As Wikipedia has become successful, the percentage of people who understand _anything_ about Wikipedia is declining.
_We need to educate them._ Somehow.
It would be interesting to have a poll of the people who used Wikipedia in the last week and see how many of them even noticed the the caption "edit this page" or the slogan "the free encyclopedia that anyone can edit." I'd bet that _the majority have not_.
Impossible, you say? Heck, everyone knows about Wikipedia, Colbert jokes about it, nobody would get the joke. Well, not everybody watches Colbert.
I suspect that at this point in time the vast majority of Wikipedia accesses are via Google. People just type something they want to know, Wikipedia comes up as one of the top links, they click it, they read the article. Many of them _may not even notice that it's in something called Wikipedia_ In some vague way an aura of authority is cast over the article simply by being endorsed, as it were, by Google. People don't consciously think "it must be true or it wouldn't be a high-ranking Google result." The authority is enhanced by Wikipedia's professional-looking appearance.
People don't _seriously link_ about Wikipedia's reliability any more than they think about the reliability of their newspaper. Either they blindly think it must be true because "they" said so, and because "they" are a source other people use.

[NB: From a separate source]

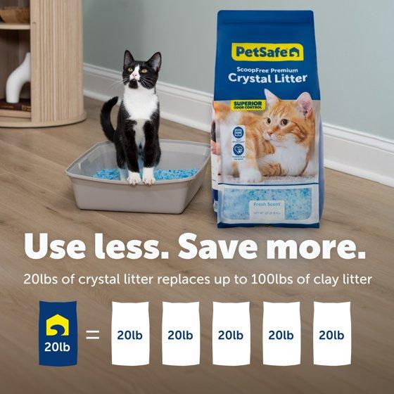 - Use Less, Save More: 20 lbs of crystal litter replaces 100 lbs of traditional clay litter, lasting up to 5 months in a single-cat household

Or, alternatively, perhaps they blindly think their newspaper is a cesspool of political bias and/or that Wikipedia is unreliable, not because they've looked into how their newspaper or Wikipedia work, but because someone they trust told them so.
But the people who believe Wikipedia is unreliable don't use Wikipedia. The problem is with the people who do use Wikipedia.
The percentage of Wikipedia users who say "That sounds odd. Let me check this History just to make sure this isn't a bit of vandalism that hasn't been fixed yet" is probably negligible. (The percentage who even know what the History tab does is probably minuscule).